Седая голова задумчиво покачивается. И после долгого молчания бессильный, старческий голос переспрашивает:

— Чем мы тут живем?..

В мутных, закисших глазах тупое удивление. Жалостливая дамочка уходит. Тогда из-под грязной тряпки, заслоняющей вход, вылезает Петрик, Людвик, или как его там, и смотрит ей вслед — с издевкой, с ненавистью.

* * *

Долго, тщательно строили новый салон-вагон. Портьеры на окнах, сверкающие огромные зеркала, ковры. И полированное дерево столиков и нежный, как пух, плюш обивки.

В час тридцать минут ночи на вокзале кондуктор тщательно проверяет билеты у всех, сидящих в залах. Выгоняет безбилетных, запирает дверь на ключ и становится на страже. И тогда заполняется холодный, грязный вестибюль перед залом третьего класса. На скамьях, на каменном полу, на железных перилах сидят те, кто никуда не едет.
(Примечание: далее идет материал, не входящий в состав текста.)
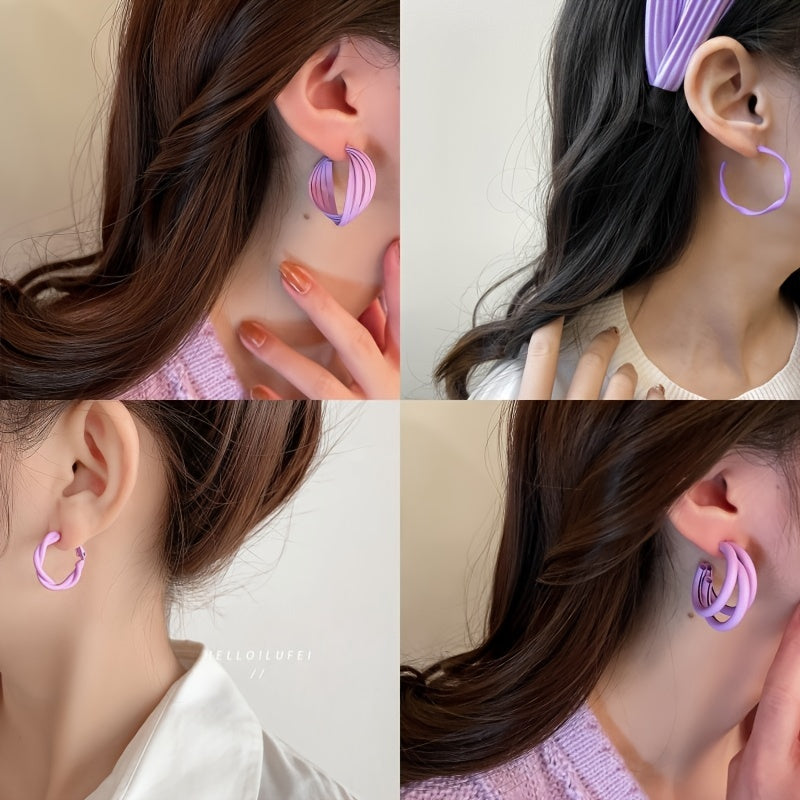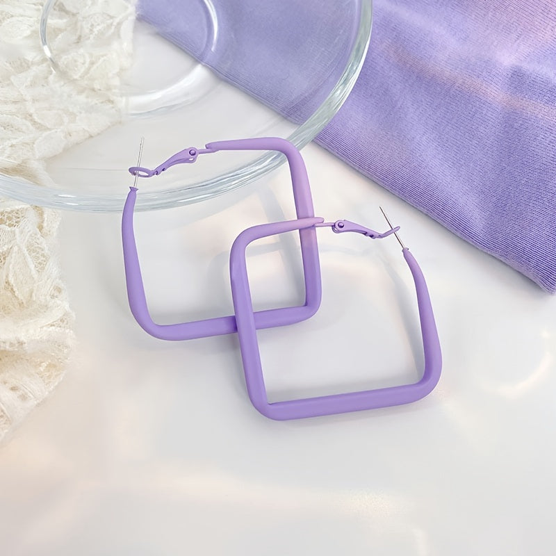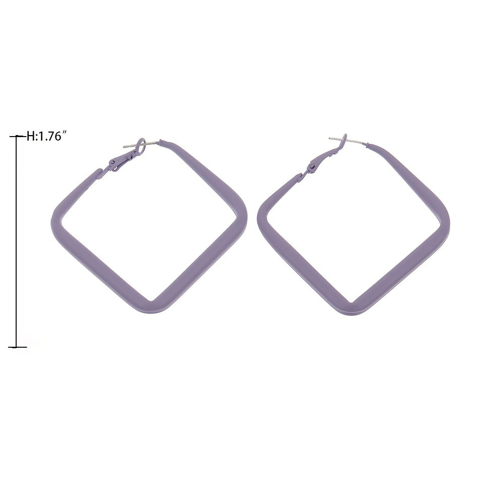 Add a touch of elegance to your look with these geometric purple hoop earrings. Perfect for daily wear or special occasions.
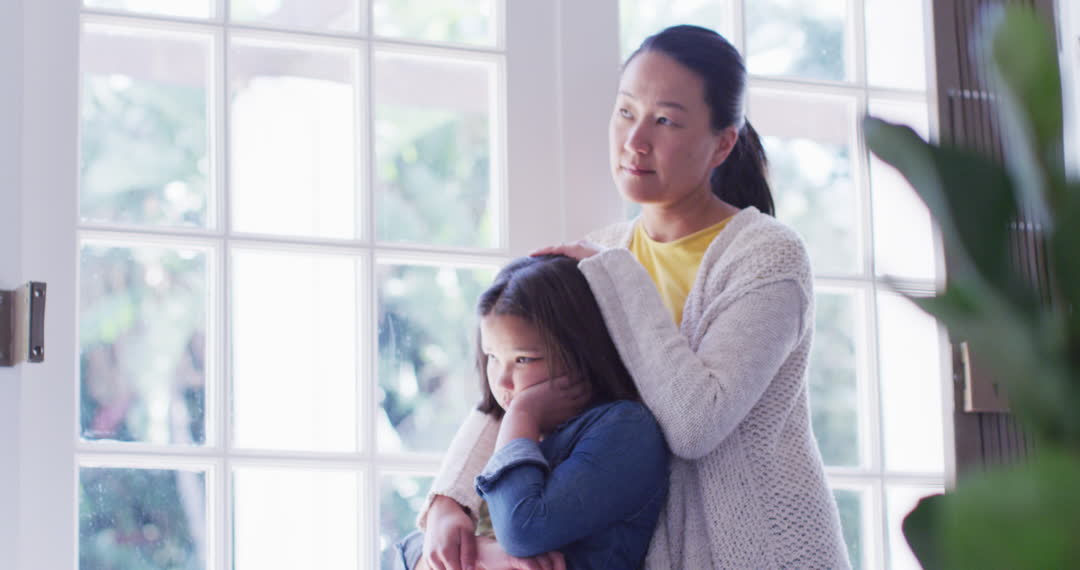 - Mother Comforting Daughter Near Window at Home

Молодежь — будущее нации — ежится на длинной деревянной скамье у входа. Босоногий подросток с прыщеватым лицом, незаконный сын Терески из переулка; тонкий, как глиста, Ясек — его отца повесили за грабеж; худая, кутающаяся в платок Генька, дочь дворничихи. Они дымят окурками, далеко сплевывают сквозь зубы, тихонько разговаривают о чем-то между собой, восторженно оглядываясь через плечо. Ни одному из них нет еще восемнадцати лет, — бродяга, карманный вор и проститутка.

Они жмутся друг к другу, — холодно. Холодом веет от каменного пола, ледяной ветер дует сквозь открытые входные двери. И только в четыре часа утра откроется зал ожидания, натопленный рай грязного, мрачного третьего класса.

— Ночлежный дом? — подросток цыкает слюной метра на два. — Там ночует аристократия, тридцать грошей, не пито, не едено за ночь. Зато с удобствами — вшей больше, чем соломы!

Он молодцевато сдвигает рваный козырек на ухо. Широко позевывает. В черной яме рта виднеются испорченные, гнилые зубы. И вдруг опирается о плечо товарища, прикрывает глаза. Мимо проходит представитель власти. Генька плотно кутается в платок. Рваные бумажные чулки спустились, порыжевшая юбчонка едва прикрывает колени. С испитого, окаймленного кудряшками лица пугливо смотрят глаза. Детские, беспомощные.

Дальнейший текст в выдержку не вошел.